Overall, modelling of the FCC unit using traditional reaction engineering approaches has certainly come a long way. This is especially evident in the riser kinetics through the introduction and development of approaches such as continuous lumping and single event kinetics. Single-event kinetic models establish a more fundamental way to understand the reactions occurring in the riser using current knowledge of carbenium chemistry. Additionally, analytical technology has come a long way since the early 1960s when FCC modelling first began, with tools now able to provide more detailed characterisation of FCC reaction mixture, which has greatly advanced the fundamental approach to kinetic modelling. However, lumped modelling remains the most common methodology used by researchers because of their relative ease and low computational cost, which make them ideal for optimisation and control studies of the FCC unit.
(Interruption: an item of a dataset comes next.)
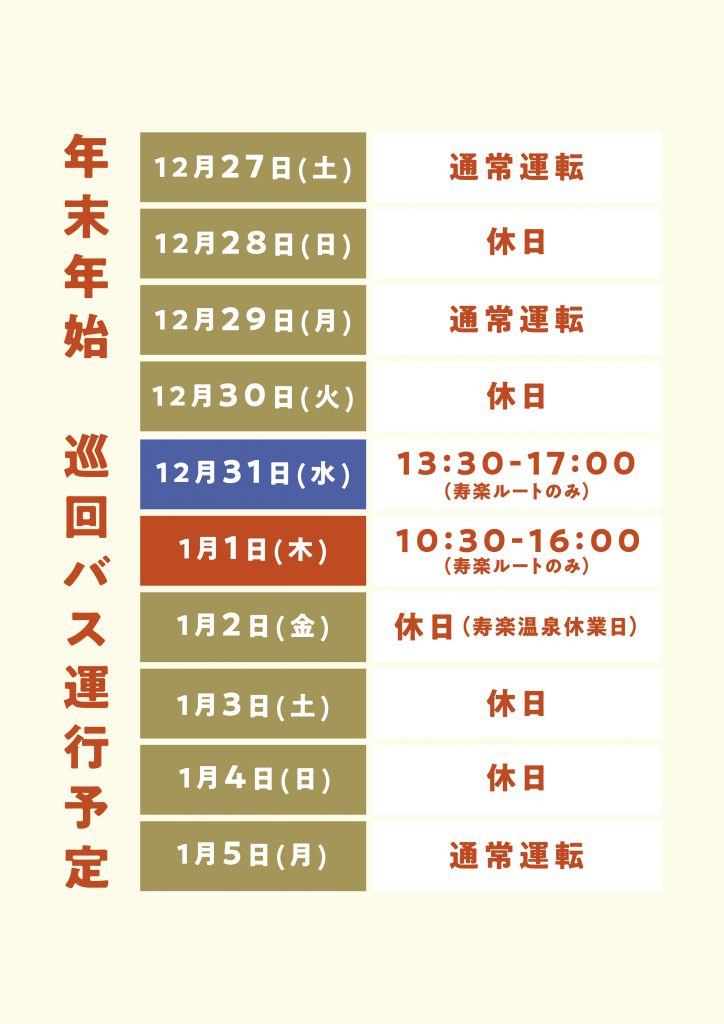 - 12月31日(水) 13:30~17:00(寿楽ルートのみ運行)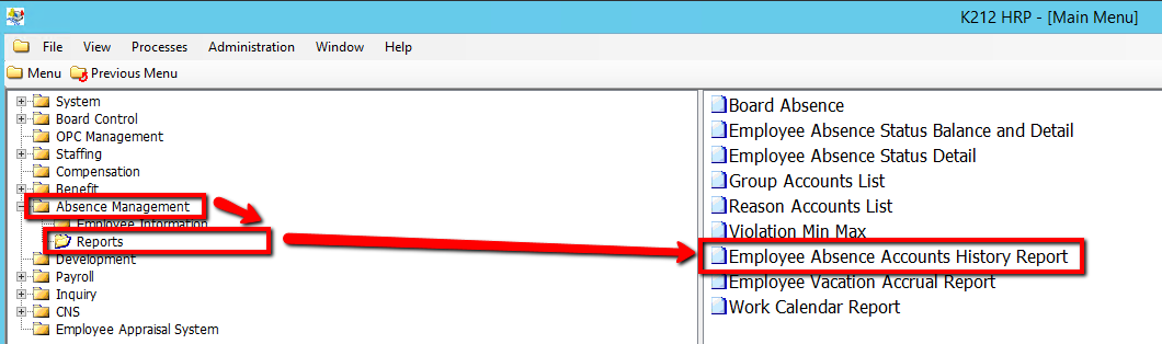3. Click on Employee Absence Accounts History Report

In terms of hydrodynamics, the regime of fluidisation of the FCC riser unit means there is significant flow heterogeneity during its normal operation. Clusters of catalyst particles are observed in the suspension and a core–annular profile consisting of a solid dense annulus and a lean core is observed in the fully developed region of the riser. In contrast, we demonstrate in Part II of this paper that the heterogeneity in the regenerator arises, instead, from bubbles rising through an emulsion phase and with radial profile showing a solid lean phase in areas of high bubble density. This heterogeneity is an important factor in the conversion in the vessel and has been modelled to varying degrees by researchers. In the riser, more work is still needed to incorporate the core–annular structure that has been observed experimentally, into the riser models. This requires that more models be developed in 2D so that the impacts of this observed flow structure to FCC yields can be better understood. Lastly, FCC models have mostly simplified the vaporisation section by assuming that this process is instantaneous. More detailed models of vaporisation have been developed in the last two decades that deal with the process in time scales that are comparable to those in the riser; therefore, we recommend that more work is done to incorporate these new vaporisation models into the riser so that more reliable and realistic models are developed.

Author Contributions

Conceptualization, T.W.S., R.P., I.M.M. and Y.M.J.; methodology, T.W.S. and Y.M.J.; software, T.W.S.; validation, T.W.S. and Y.M.J.; formal analysis, T.W.S., R.P., I.M.M. and Y.M.J.; investi-gation, T.W.S. and Y.M.J.; resources, T.W.S., R.P., I.M.M. and Y.M.J.; data curation, T.W.S.; writing—original draft preparation, T.W.S.; writing—review and editing, T.W.S., R.P., I.M.M. and Y.M.J.; visualization, T.W.S.; supervision, R.P., I.M.M. and Y.M.J. All authors have read and agreed to the published version of the manuscript.

Funding

This research received no external funding.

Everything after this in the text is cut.